The Swedish Melanoma Study Group published their initial findings evaluating a 2 cm versus a 5 cm margin of excision for melanomas >0.8 mm and ≤2.0 mm of the trunk and extremities in 1996 [21]. A multicenter, RCT was performed of 989 patients, 476 randomized to the 2 cm group and 513 to the 5 cm group. With a median follow-up of 5.8 years, there was no difference observed between the treatment groups regarding local or regional recurrence or overall survival. At 11 years follow-up, 8 of 989 patients (<1 %) experienced a “local” recurrence in the scar or transplant [22]. There were no statistical differences in recurrence or survival between the two treatment arms. Based on these results, the authors concluded that a 2 cm margin is as safe as a 5 cm margin of resection.

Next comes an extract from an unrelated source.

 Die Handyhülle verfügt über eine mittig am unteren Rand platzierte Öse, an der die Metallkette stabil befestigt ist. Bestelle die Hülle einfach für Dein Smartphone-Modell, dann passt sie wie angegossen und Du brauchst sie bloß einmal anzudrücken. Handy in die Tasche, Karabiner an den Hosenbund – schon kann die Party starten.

Investigators of the Intergroup Melanoma Surgical Trial first reported their experience in 1993 looking at surgical excision margins for intermediate-thickness melanoma (1.0–4.0 mm) [23]. A prospective, multi-institutional surgical trial was performed in which 486 patients were randomized to 2 or 4-cm surgical margins. The local recurrence rate was 0.8 % for the 2-cm margin group and 1.7 % for the 4-cm margin group (p = NS). With a median follow-up of 6 years, there was no difference in local recurrence or overall survival. The authors concluded that the margin of excision for intermediate-thickness melanoma could safely be reduced to 2 cm. Subsequent long-term results reported in 1996 demonstrated a local recurrence of 3.8 % [24]. The local recurrence was not significantly affected by the margin of resection, even among thicker or ulcerated lesions. Ten-year follow up data was reported in 2001 by the Intergroup collaborators [25]. The local recurrence rate was 1.1 % for melanomas of the proximal extremities, 3.1 % for the trunk, 5.3 % for the distal extremity and 9.4 % for the head and neck. There was no difference in local recurrence or OS between a 2 or 4 cm margin of excision.

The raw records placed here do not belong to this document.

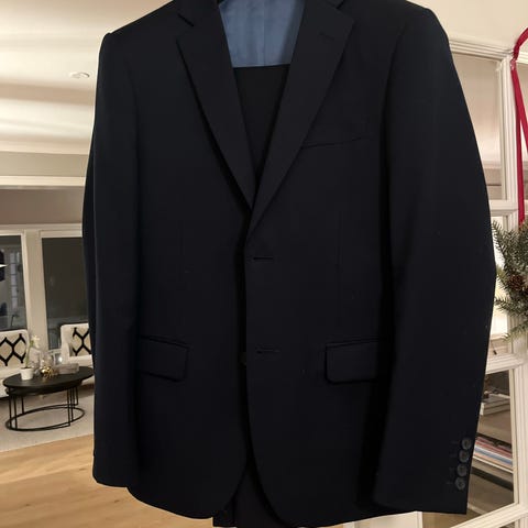 Blå dress i 3 deler. Alle størrelser på jakke, vest og bukse står med bildene.
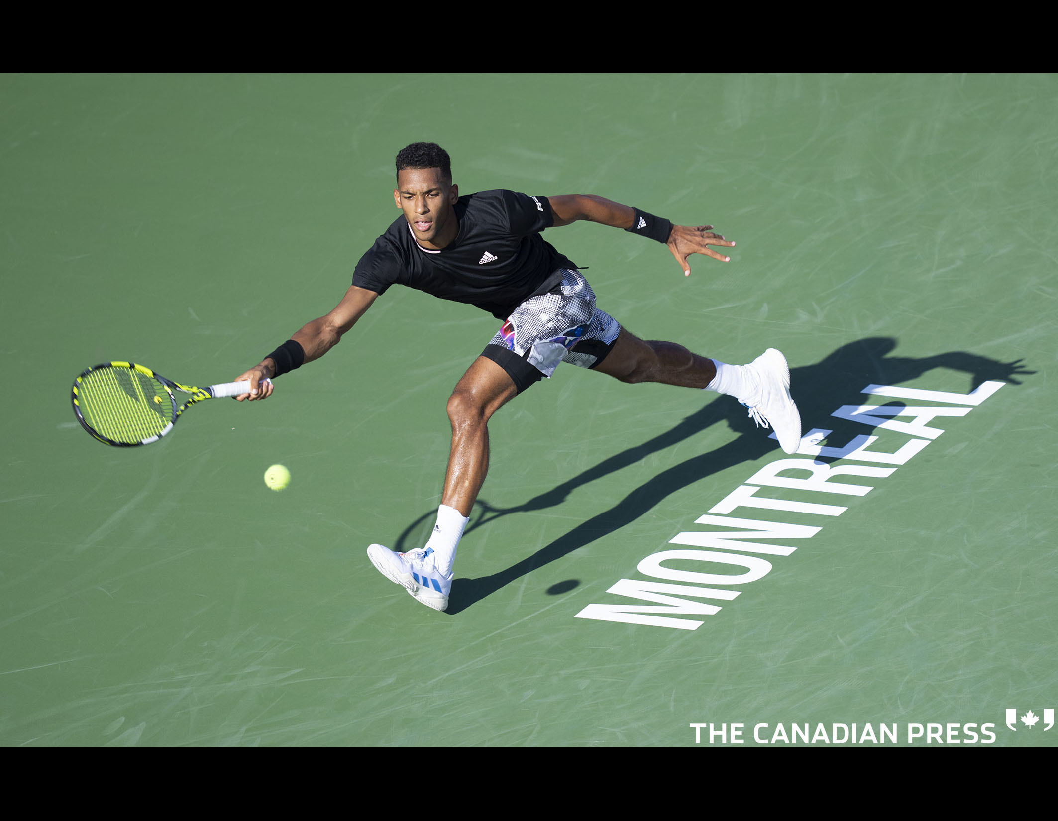 Canada’s Felix Auger-Aliassime lunges to return the ball to Cameron Norrie of Great Britain during round of sixteen play at the National Bank Open tennis tournament, Thursday, August 11, 2022 in Montreal. THE CANADIAN PRESS/Paul Chiasson
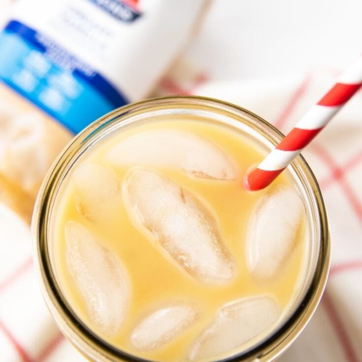 - Fill a glass or jar halfway with ice. Add 8 oz coffee and all or part of a protein shake. (We used Atkins Vanilla flavor!)

The French Group of Research on Melanoma evaluated the impact of a 2 cm versus 5 cm margin of excision for melanomas measuring less than 2.1-mm in thickness [26]. A multicenter, randomized control trial was performed in which 337 patients were randomized to a 2-cm (167 patients) or 5-cm (170 patients) margin of excision. With a median follow-up time of 192 months (16 years), there were 22 recurrences in the 2-cm arm and 33 in the 5-cm arm. The 10-year DFS was 85 % and 83 %, respectively and there was no difference in OS (87 % vs 86 %, respectively) between groups. The authors concluded that for melanoma less than 2.1-mm thick, a margin of 2 cm is sufficient and that a 5 cm margin does not appear to impact the rate or time to disease recurrence or survival.
The UK Melanoma Study Group evaluated the impact of a 1 or 3 cm margin of excision on primary cutaneous melanoma 2 mm or greater in thickness and published their results in 2004 [27]. Nine hundred patients were randomized, 453 to the 1-cm excision group and 447 to the 3-cm excision group. A 1-cm margin of excision was associated with a significantly increased risk of local recurrence. With a median follow up of 60 months, there were 168 locoregional recurrences in the 1-cm excision group as compared with 142 in the 3-cm excision group (p = 0.05). There was no difference in overall survival between the groups. Based on these results, the authors concluded a 1-cm margin of excision for melanoma of at least 2 mm in thickness is associated with a poor prognosis and significantly greater risk of regional recurrence than is a 3-cm margin.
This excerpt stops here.